(Stored records)

━━━━━━━━━━━━━━━━━━━━

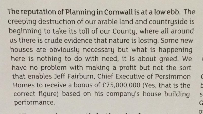 So come on Cornwall, think about our beautiful County (sic) and make some moves to challenge over-development.
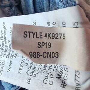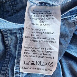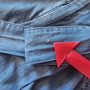 Straight leg ankle denim paper bag high rise pants - shade of medium distressed denim wash blue. Button & zipper closure. Partial elastic waist & has belt loops. Pleated front style. 2 front pockets & 2 back pockets. Removeable tie belt. Cotton & Lyocell blend. Condition: Pre-owned, has very minor wear on inside of belt not visible when tied, see photos for condition Measurements: Approximately 15.5" side to side (partial elastic waist & belted), 15" rise, 26" inseam, 8" side to side leg opening Shipped: 15 x 12 x 1 poly #14 ounces
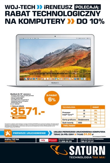 {loadposition linkMediaMarkt} 'Rabat technologiczny na komputery do 10%' - nowa gazetka promocyjna Saturn. Polecane promocje z gazetki Saturn: Laptop APPLE MacBook Air 13 MQD32ZE - 3571 zł. Laptop ASUS VivoBook Max F541UJ-DM493T - 1994 zł. Laptop ACER Aspire 5…
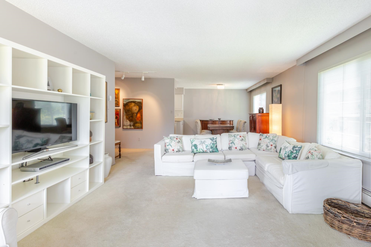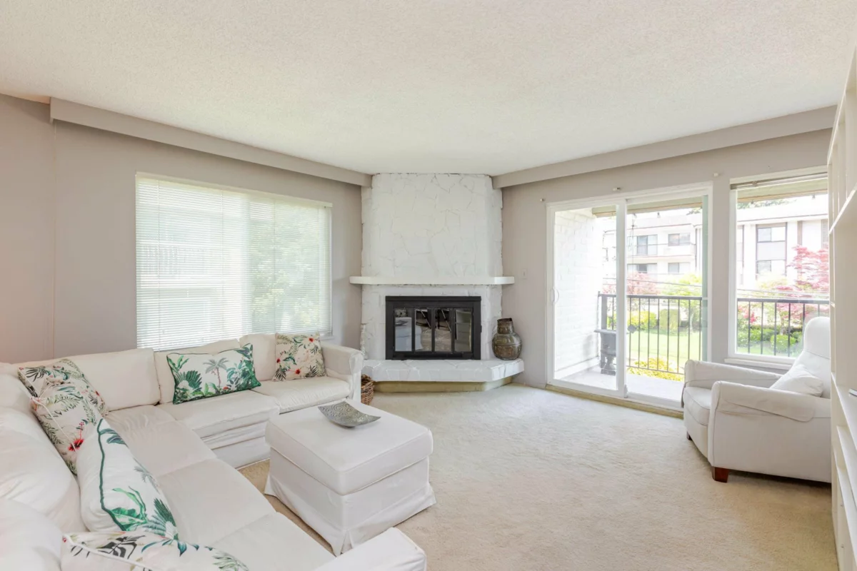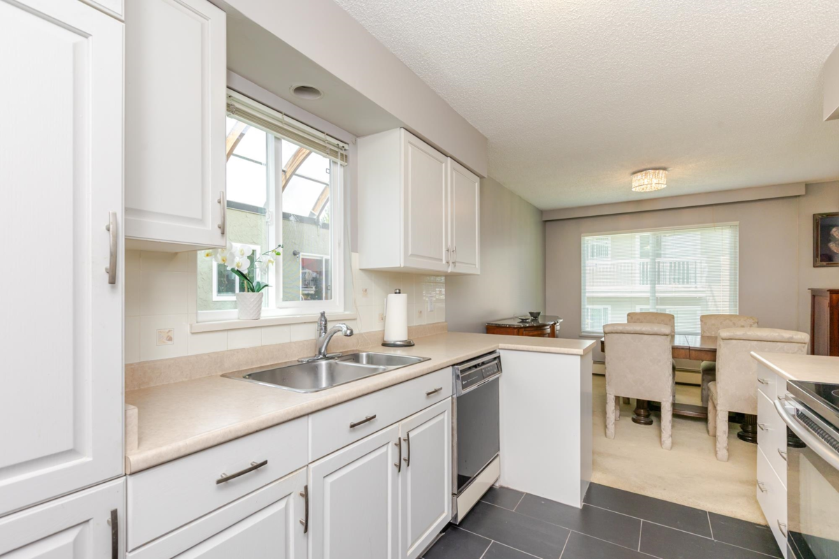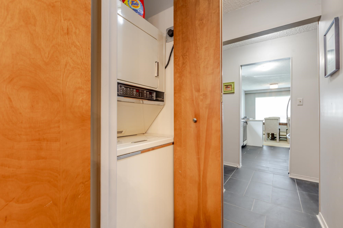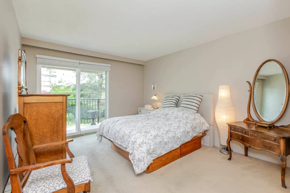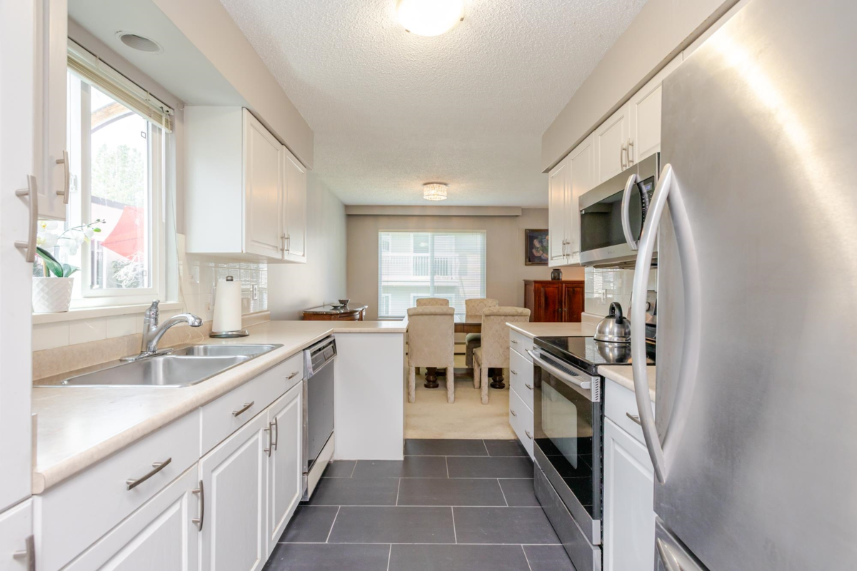 The DOGWOOD. Estate Sale in this sought-after 55+ community in the heart of White Rock. Bright, sunny, top-floor end unit boasts a 28 foot long balcony perfect for sipping coffee and watching the sun rise. This large 1117 sq ft 2 bed/1.5-bathroom suite offers ample natural light and plenty of space to relax. It accommodates house size furniture making it great for downsizing. With in suite laundry, one parking stall and one storage locker included, you'll have everything you need. Bring your decorating ideas and enjoy the best of White Rock living with its beautiful beaches, shops, and restaurants just a short walk away. Plus, with easy access to downtown Vancouver, you can enjoy the best of both worlds. Strata fees cover heat and hot water. Pets allowed. Motivated Seller!
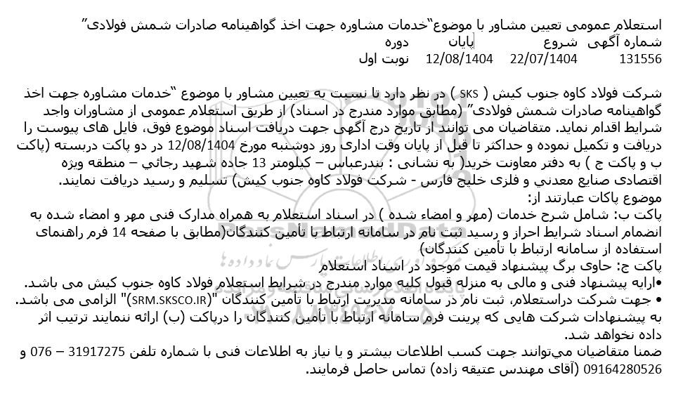 شرکت فولاد کاوه جنوب کیش ( SKS ) در نظر دارد تا نسبت به تعیین مشاور با موضوع “خدمات مشاوره جهت اخذ گواهینامه صادرات شمش فولادی” (مطابق موارد مندرج در اسناد) از طریق استعلام عمومی از مشاوران واجد شرایط اقدام نماید. متقاضیان می توانند از تاریخ درج آگهی جهت دریافت اسناد موضوع فوق، فایل های پیوست را دریافت و تکمیل نموده و حداکثر تا قبل از پایان وقت اداری روز دوشنبه مورخ 1404/08/12 در دو پاکت دربسته (پاکت ب و پاکت ج ) به دفتر معاونت خرید( به نشانی : بندرعباس – کیلومتر 13 جاده شهید رجائی – منطقه ویژه اقتصادی صنایع معدنی و فلزی خلیج فارس - شرکت فولاد کاوه جنوب کیش) تسلیم و رسید دریافت نمایند.
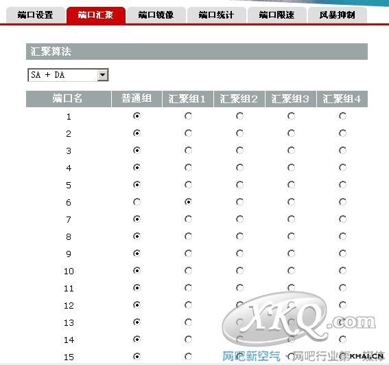 端口名:对应端口的名称 普通组:设置该端口为非汇聚组 汇聚组:设置该端口为汇聚组

━━━━━━━━━━━━━━━━━━━━

* **WHAT NEEDS TO BE DONE**
With the pictures omitted, set down each line exactly, starting at the first line of the records above and ending with the line that contains "ACER Aspire 5…".

* **RESPONSE TO THIS TASK**
 So come on Cornwall, think about our beautiful County (sic) and make some moves to challenge over-development.
 Straight leg ankle denim paper bag high rise pants - shade of medium distressed denim wash blue. Button & zipper closure. Partial elastic waist & has belt loops. Pleated front style. 2 front pockets & 2 back pockets. Removeable tie belt. Cotton & Lyocell blend. Condition: Pre-owned, has very minor wear on inside of belt not visible when tied, see photos for condition Measurements: Approximately 15.5" side to side (partial elastic waist & belted), 15" rise, 26" inseam, 8" side to side leg opening Shipped: 15 x 12 x 1 poly #14 ounces
 {loadposition linkMediaMarkt} 'Rabat technologiczny na komputery do 10%' - nowa gazetka promocyjna Saturn. Polecane promocje z gazetki Saturn: Laptop APPLE MacBook Air 13 MQD32ZE - 3571 zł. Laptop ASUS VivoBook Max F541UJ-DM493T - 1994 zł. Laptop ACER Aspire 5…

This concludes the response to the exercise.